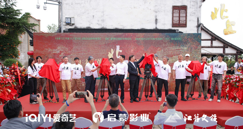 5月31日,由爱奇艺、启蒙影业、江苏文投出品的电视剧《北上》在江苏开机发布。作为中宣部2023年度文化产业发展专项资金推动影视发展项目、国家广播电视总局重点电视剧项目、国家发改委大运河文化保护传承利用“十四五”重点推进项目、江苏省重大题材文艺创作资助项目,江苏省广播电视局精品扶持项目,以及中央电视台2023“大剧看总台”推介剧目,电视剧《北上》凝聚了社会各界的广泛关注,得到了各级党委政府、各主管单位的亲切指导和大力支持,开机发布现场,《北上》剧组成立了临时党支部,充分发挥党员精神和模范带头作用,鼓舞人心振奋士气。江苏省委宣传部、江苏省广播电视局相关领导,江苏文投、爱奇艺、启蒙影业的主要负责人莅临现场并致辞发言,要求剧组主创在拍摄制作过程中坚守人民立场,坚持守正创新,坚持弘扬正道,“用情用力讲好发生在江苏的中国故事”,期许创作团队从大运河涌动的民族文化浪波中饱蘸墨彩,抒写生生不息的人民史诗,将《北上》打造为能够深度满足人民文化需求,增强人民精神力量的精品力作。
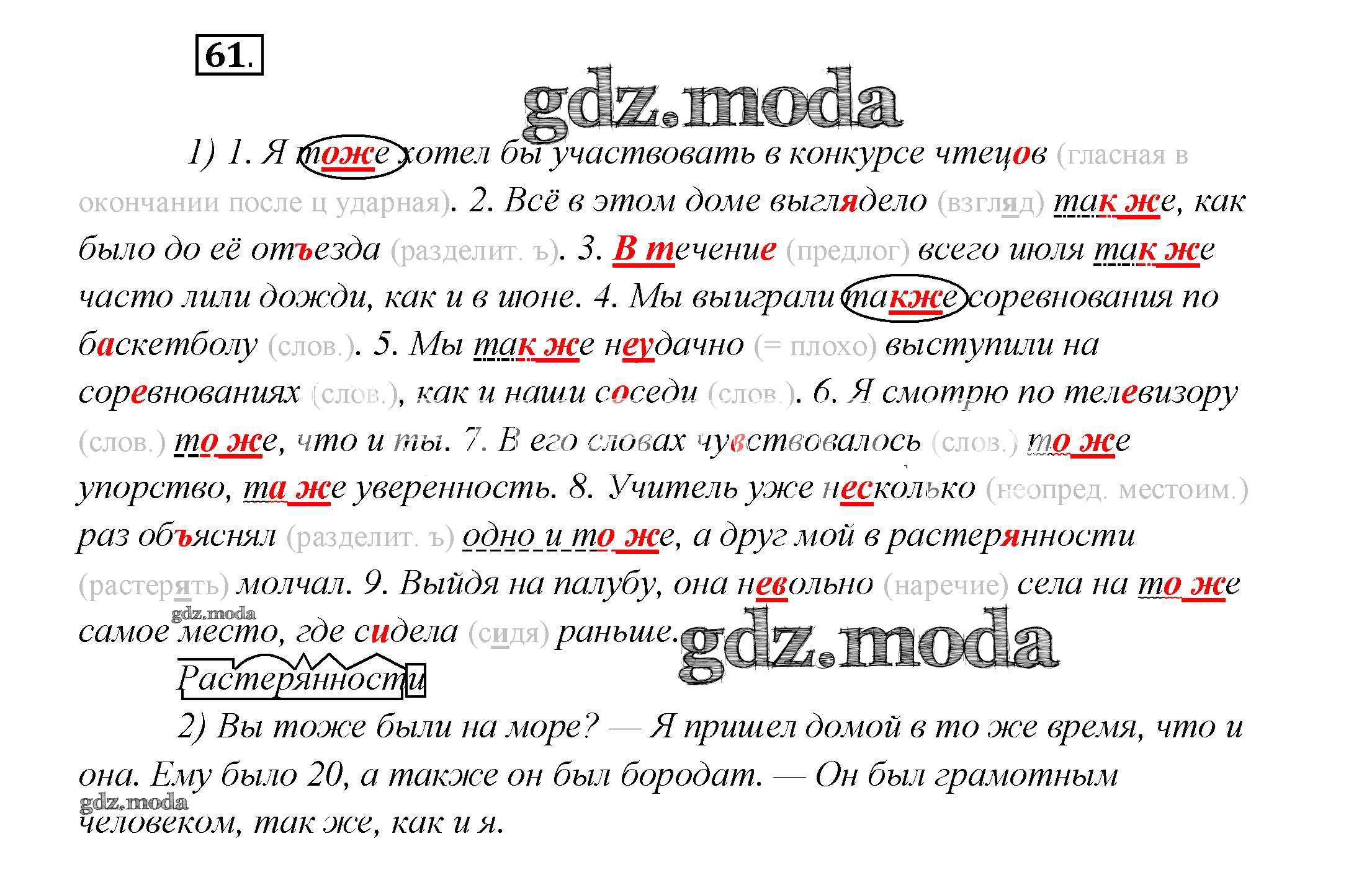 ГДЗ решение к заданию № 61 Русский язык 7 класс Шмелев А.Д. Вентана-граф 2016 ФГОС бесплатно на гдз.мода!
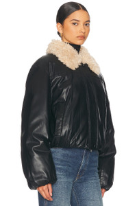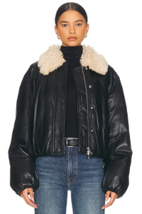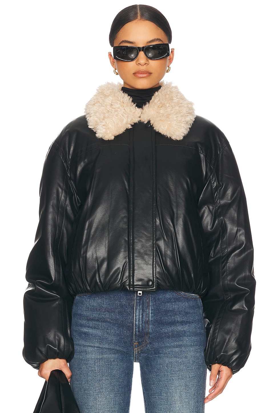Details - Self 1: 55% viscose, 45% polyurethane - Lining & Padding: 100% polyester - Made in China - Dry clean only - Hidden front zipper and button snap closures - Faux leather fabric with faux fur collar - Our Style No. SDIF-WO65 - Manufacturer Style No. 62296-8983

**YOUR ASSIGNMENT**
Copy out the whole listing exactly. Skip its pictures.

**OUTPUT OF THE EXERCISE**
 5月31日,由爱奇艺、启蒙影业、江苏文投出品的电视剧《北上》在江苏开机发布。作为中宣部2023年度文化产业发展专项资金推动影视发展项目、国家广播电视总局重点电视剧项目、国家发改委大运河文化保护传承利用“十四五”重点推进项目、江苏省重大题材文艺创作资助项目,江苏省广播电视局精品扶持项目,以及中央电视台2023“大剧看总台”推介剧目,电视剧《北上》凝聚了社会各界的广泛关注,得到了各级党委政府、各主管单位的亲切指导和大力支持,开机发布现场,《北上》剧组成立了临时党支部,充分发挥党员精神和模范带头作用,鼓舞人心振奋士气。江苏省委宣传部、江苏省广播电视局相关领导,江苏文投、爱奇艺、启蒙影业的主要负责人莅临现场并致辞发言,要求剧组主创在拍摄制作过程中坚守人民立场,坚持守正创新,坚持弘扬正道,“用情用力讲好发生在江苏的中国故事”,期许创作团队从大运河涌动的民族文化浪波中饱蘸墨彩,抒写生生不息的人民史诗,将《北上》打造为能够深度满足人民文化需求,增强人民精神力量的精品力作。
 ГДЗ решение к заданию № 61 Русский язык 7 класс Шмелев А.Д. Вентана-граф 2016 ФГОС бесплатно на гдз.мода!
Details - Self 1: 55% viscose, 45% polyurethane - Lining & Padding: 100% polyester - Made in China - Dry clean only - Hidden front zipper and button snap closures - Faux leather fabric with faux fur collar - Our Style No. SDIF-WO65 - Manufacturer Style No. 62296-8983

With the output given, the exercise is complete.